Targeting protein degradation refers to small molecule induces ubiquitination and degradation of disease targets. These small molecules simultaneously recruit both a ubiquitin E3 ligase and the target protein, then to be ubiquitinated. Therefore, PROTACs represent a functional application of chemically induced protein dimerization. BRD4 acts as an attractive target for anticancer therapy. However, BRD4 inhibitors treatment leads to BRD4 protein accumulation. The reversible nature of inhibitors binding to BRD4 may limit the efficacy of BRD4 inhibitors. To address these problems, a protein degradation strategy based on the PROTAC technology has been developed to target BRD4.
In this study, researchers present the synthesis and biological evaluation of ZXH-3-26. ZXH-3-26 is a selective PROTAC BRD4 degrader. Gratifyingly, ZXH-3-26 shows excellent inhibitory activity against BRD4, and high anti-proliferative potency. Cellular degradation assays show that ZXH-3-26 exhibits a DC50/5h ~ 5 nM comparable to the best pan-BRD degrader dBET6. ZXH-3-26 shows activity exclusively on the first bromodomain of BRD4, and spares degradation of BRD2 or 3 at concentrations 10 μM, while dBET6 and MZ1 controls show activity on most bromodomains. Immunoblot analysis confirms that ZXH-3-26 degrades endogenous BRD4 with comparable efficacy compared to the best pan-BET degrader dBET6, while being inactive on BRD2 and BRD3.

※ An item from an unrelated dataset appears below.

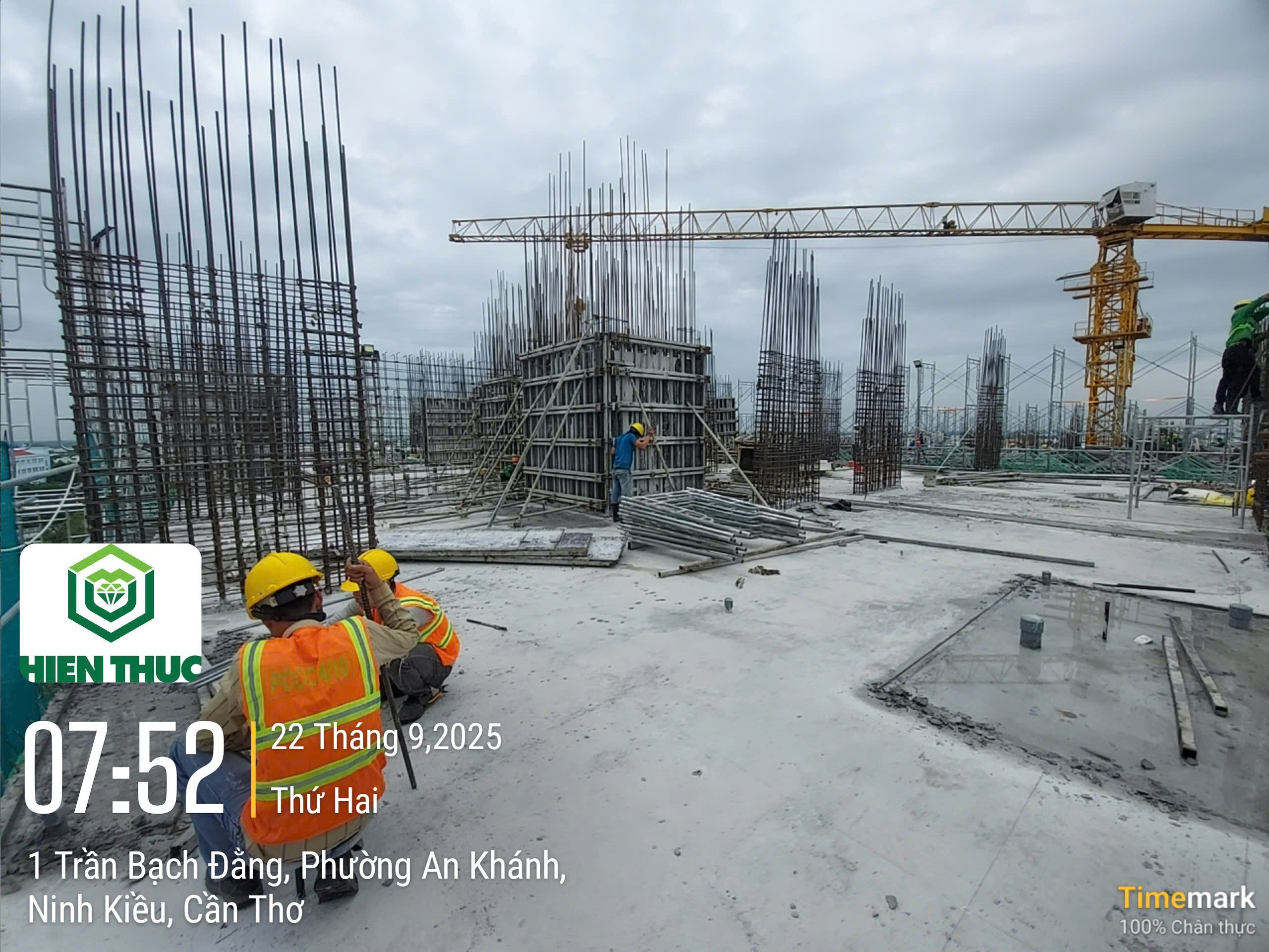 Dự án Chung cư Thiên Quân Marina Plaza Cần Thơ tiếp tục tiến triển mạnh mẽ, tập trung hoàn thiện các hạng mục quan trọng tại tầng 9 và triển khai công tác chuẩn bị cho tầng 10. Báo cáo ngày 28 tháng 9 năm 2025 cho thấy công trình đang tiến triển đúng kế hoạch, đảm bảo chất lượng và an toàn trên công trường.

ZXH-3-26 engages CRBN in a conformation distinct. Moreover, ZXH-3-26 thus demonstrates that binding to a distinct conformation can yield a highly selective degrader molecule and that selectivity can be achieved across highly homologous domains such as the bromodomains of BET proteins. Furthermore, ZXH-3-26 represents the first small molecule to allow pharmacologic targeting of BRD4 without significant inhibition or degradation of BRD2/3.
All of these results suggest that ZXH-3-26 is an efficacious BRD4 degrader for further investigation.